O urbano, segundo Matos (2005, p.24), associa-se com a cidade, sendo que esta se abria à inversão da primazia camponesa para a dominância urbana. O autor diz ainda que a cidade, que um dia já foi Cidade Política ou Cidade Comercial, evoluiu no século XX para a Cidade Industrial, trazendo consigo as grandes concentrações urbanas, o êxodo rural e a subordinação total do agrário ao urbano.

Segundo Lefèbvre (1999, p.70):

[...] a cidade envenena a natureza; a devora recriando-a no imaginário para que essa ilusão de atividade perdure. Assim, a grande cidade não é apenas vícios, poluições, doença. É, sobretudo a segregação que generaliza-se: por classe, bairro, profissão, idade, etnia, sexo. Multidão e Solidão.

Lefèbvre deixa explícita a violência decorrente da transição campo-cidade após a Revolução de 1930. Nesse contexto, o campo é compreendido como um ambiente inferior à

cidade, fato que corrobora para que a antiga relação entre esses ambientes volte a ser como antes. Os papéis se invertiam, trazendo modificações não somente econômicas, mas, sobretudo, sociais, pois aquele que residia no campo e não sobrevivia ao poder dos latifúndios se viu obrigado a fugir para as cidades que o acolheu sem oferecer o que o campo um dia foi capaz. Assim, damos início a um novo processo migratório no país conhecido como êxodo rural.

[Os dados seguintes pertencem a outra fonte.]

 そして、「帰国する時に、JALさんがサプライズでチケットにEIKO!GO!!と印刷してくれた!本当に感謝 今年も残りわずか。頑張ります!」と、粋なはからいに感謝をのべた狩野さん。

Segundo Matos e Baeninger (2001, p.17), na década de 1980, houve uma mudança na realidade das migrações. Segundo os autores, as regiões Nordeste e Centro-Oeste registraram taxas de crescimento da população entre 1,82% e 2,99% ao ano, respectivamente, enquanto a região Sudeste apresentava um crescimento de 1,76% e a região Sul 1,38% ao ano. Os autores especificam que o crescimento da região Nordeste em tal período se deu, especialmente, devido às atividades turísticas da região, ao dinamismo do Pólo Petroquímico de Camaçari e à produção de frutas para exportação.

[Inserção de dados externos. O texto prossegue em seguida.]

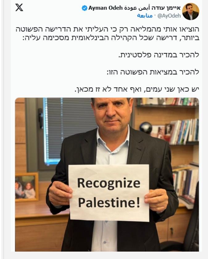"لكل من يعيش في فقاعة الكنيست المنعزلة: رغم حكومة يمينية بالكامل، ورغم الاستخدام الساخر لأحداث السابع من أكتوبر، ورغم حرب الإبادة، فشلت حكومة الجرائم في تغيير المعادلة البسيطة، وهي أن هناك شعبان هنا، وسيبقيان هنا".

Ainda segundo os autores, é importante destacar que a população rural nordestina, na década de 1980, era de 16,7 milhões, quase metade de toda a população rural do Brasil. No entanto, na última década, a região Nordeste passou por transformações econômicas, sociais e demográficas, fato que refletiu em seu decréscimo na população rural e crescimento da taxa de urbanização de 3,55% ao ano contra 2,97% da média nacional. Segundo Matos e Baeninger (2001, p.20), a urbanização do Nordeste, que era de 42% em 1970, passou para 50,5% em 1980 e 60,6% em 1991.